Maya – causa, natureza e efeito (trecho do livro Advaita Bodha Deepika)     D: Mestre, diz-se que a Ignorância não tem começo; conclui-se que não terá fim. Como pode ser banida a Ignorância que não tem princípio? Sendo o oceano da misericórdia, diga-me isto, por favor. M: Sim, meu filho; você é inteligente e consegue entender coisas sutis. Você falou certo. Verdadeiramente, a Ignorância não tem começo, mas tem um fim. Diz-se que o surgir da Sabedoria é o fim da Ignorância.

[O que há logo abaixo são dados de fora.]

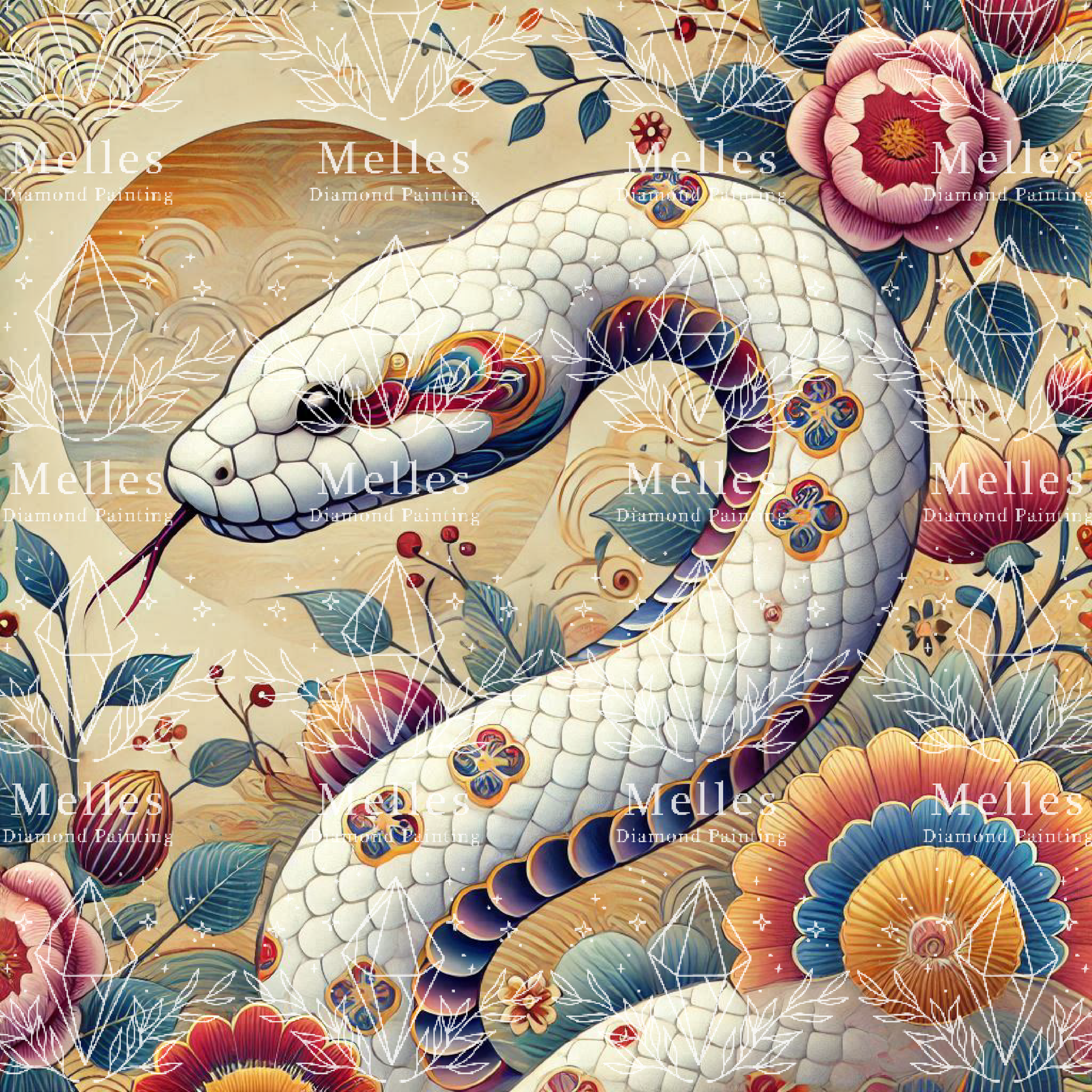 Immerse yourself in the elegance of Lunar Snake, a breathtaking diamond painting design inspired by nature and mythology. This radiant serpent, with its pearlescent scales adorned with intricate, colorful patterns 🌺, winds gracefully through a vibrant landscape of blossoms and leaves.
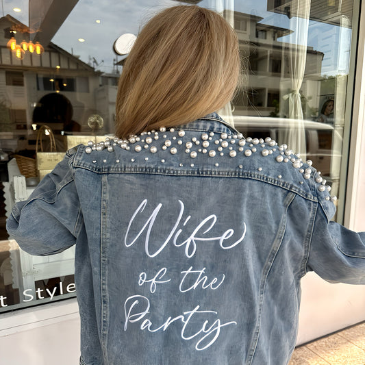 DELUXE PEARL & RHINESTONE WIFE OF THE PARTY DENIM JACKET
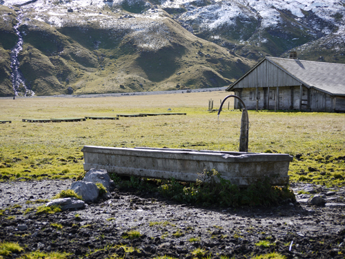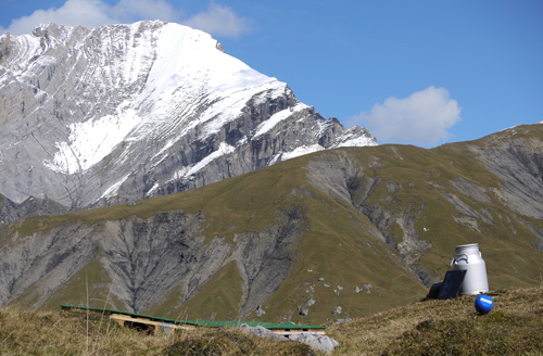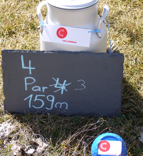 Die ersten Zeichnungen für 18 Löcher auf dem Hochplateau entstanden und die Adelbodener waren Feuer und Flamme für das ambitionierte Golfprojekt, war der nächste Golfplatz über 45 Autominuten entfernt. Mit einer Gesamtdistanz von 3.450 Metern ist der Par-62-Platz zwar nicht lang, aber mit der Höhenluft fühlt es sich wie mindestens 7.000 Meter an. Deshalb braucht man auch alle Schläger im Bag inklusive den Driver. Wer zum Golfplatz will, muß die Bergbahn nehmen und als Clubhaus dient eine urige Almhütte, wo man seine Greenfee von 70 Franken (ca. 51 €) zahlt. Im Preis inklusive ist die Benutzung der Driving-Range inklusive ein Körbchen Bälle, ein Tafelwasser und man wird ausgestattet mit speziellen Tees und einem Putting-Behelfsloch, welches man auf die Kunstmatte auflegt, um das Grünloch zu simulieren. ‚Für uns hat die Natur oberste Priorität und deshalb achten wir darauf, dass niemand hier Plastik-Tees verwendet‘, sagt Urs Buchli, welcher die Leitung des Alpengolfplatzes inne hat. An jedem Abschlag ist eine Kanne mit frischen Bergwasser platziert und mit einer kleinen Bürste kann man seinen Golfball vom Schmutz befreien.
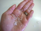 手を こすりあわせて、両方の 手に 塩を つけます。
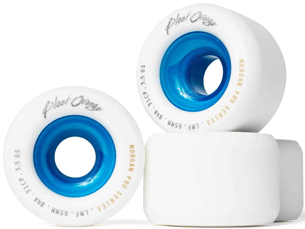 The 4-pack Blood Orange Morgan Pro 84A wheels are suitable for longboards. Built from high rebound urethane, these wheels will give you a great feel under your feet. They are cast from skateboard-friendly SHR-PU rubber (Super High Rebound) and enable you to go fast while damping vibrations at the same time.
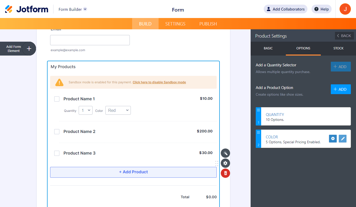 - You can add multiple Product Options with no limit and turn their options into sub-products. To learn more about setting up other Quantity Selector and Product Option properties, you can check out our guides on How to Add Options to Payment Forms and How to Turn Product Options into Sub-Products.
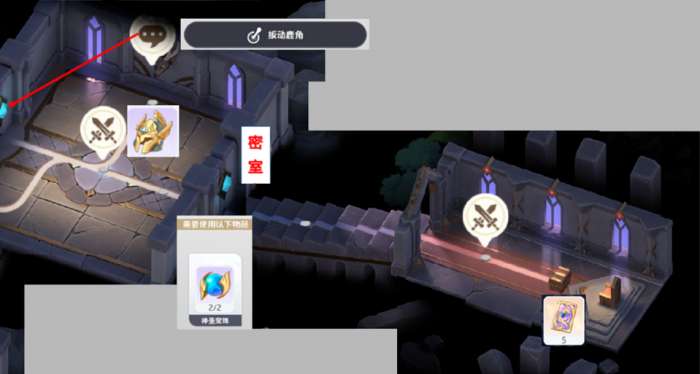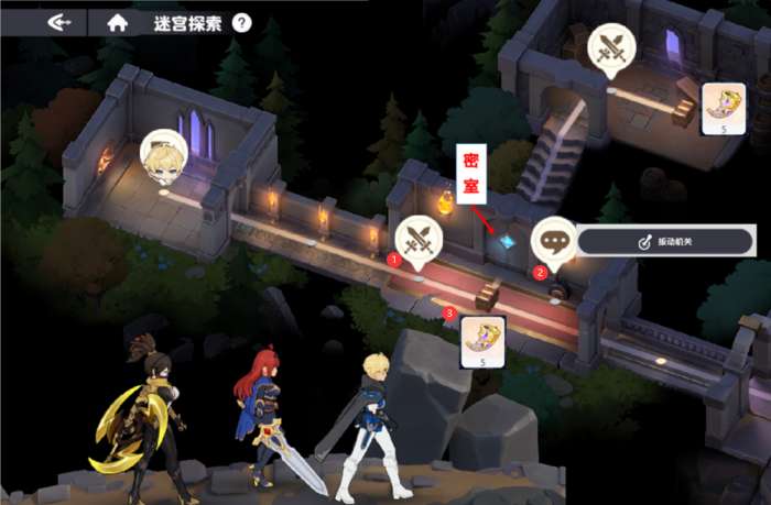如上图所示,进入迷宫向右走,完成第一场战斗后可领取宝箱(1/4)。然后点击旁边的对话气泡“扳动机关”,打开密室暗门。进入后完成另一场战斗后,领取宝箱(2/4)。

Assim como a aurora bane a escuridão da noite, também a luz do Conhecimento bane a escuridão da Ignorância. Para evitar confusão, no mundo tudo pode ser considerado analisando suas características individuais sob as seguintes categorias: causa, natureza, efeito, limite e fruto. A Realidade transcendental, sendo não dual, está além de tudo isso; mas todo o resto, de Maya em diante, sendo erroneamente visto Nela, está sujeito à análise acima. Destes, Maya não tem causa antecedente porque não é produto de nada que a preceda; por outro lado, permanece em Brahman, autoevidente e sem início. Antes da criação não poderia haver qualquer causa para sua manifestação e, no entanto, ela se manifesta e tem de ser por si mesma. D: Existe alguma autoridade por trás desta afirmação? M: Sim, palavras de Vasishta. Ele diz: “Assim como as bolhas surgem espontaneamente na água, também o poder de manifestar nomes e formas surgiu do Ser transcendental, onipotente e perfeito”. D: Mas Maya tem de ter uma causa. Assim como o barro não pode se tornar um jarro sem a ação do oleiro, também o Poder que permanece o tempo todo não manifesto em Brahman só pode manifestar-se pela vontade de Deus (Ishwara). M: Na dissolução, permanece apenas o...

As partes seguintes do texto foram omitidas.